## INFORMATION PROVIDED
Start of Block

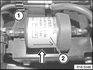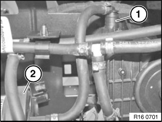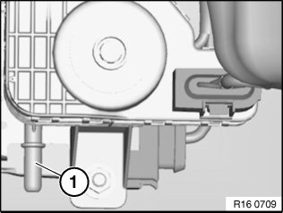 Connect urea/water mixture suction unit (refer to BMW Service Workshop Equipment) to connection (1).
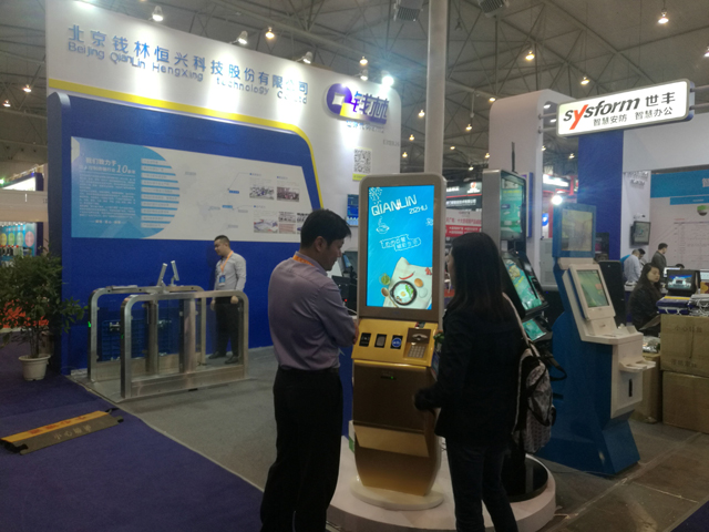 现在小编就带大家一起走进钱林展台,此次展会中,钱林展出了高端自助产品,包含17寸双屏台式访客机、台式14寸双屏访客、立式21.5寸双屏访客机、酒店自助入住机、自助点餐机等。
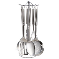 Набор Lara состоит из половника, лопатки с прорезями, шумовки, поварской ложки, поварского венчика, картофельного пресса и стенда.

End of Block

## ABOUT THIS EXERCISE
Please print the data above once more, exactly as it appears, with no pictures.

## ANSWER FOR THIS EXERCISE
 Connect urea/water mixture suction unit (refer to BMW Service Workshop Equipment) to connection (1).
 现在小编就带大家一起走进钱林展台,此次展会中,钱林展出了高端自助产品,包含17寸双屏台式访客机、台式14寸双屏访客、立式21.5寸双屏访客机、酒店自助入住机、自助点餐机等。
 Набор Lara состоит из половника, лопатки с прорезями, шумовки, поварской ложки, поварского венчика, картофельного пресса и стенда.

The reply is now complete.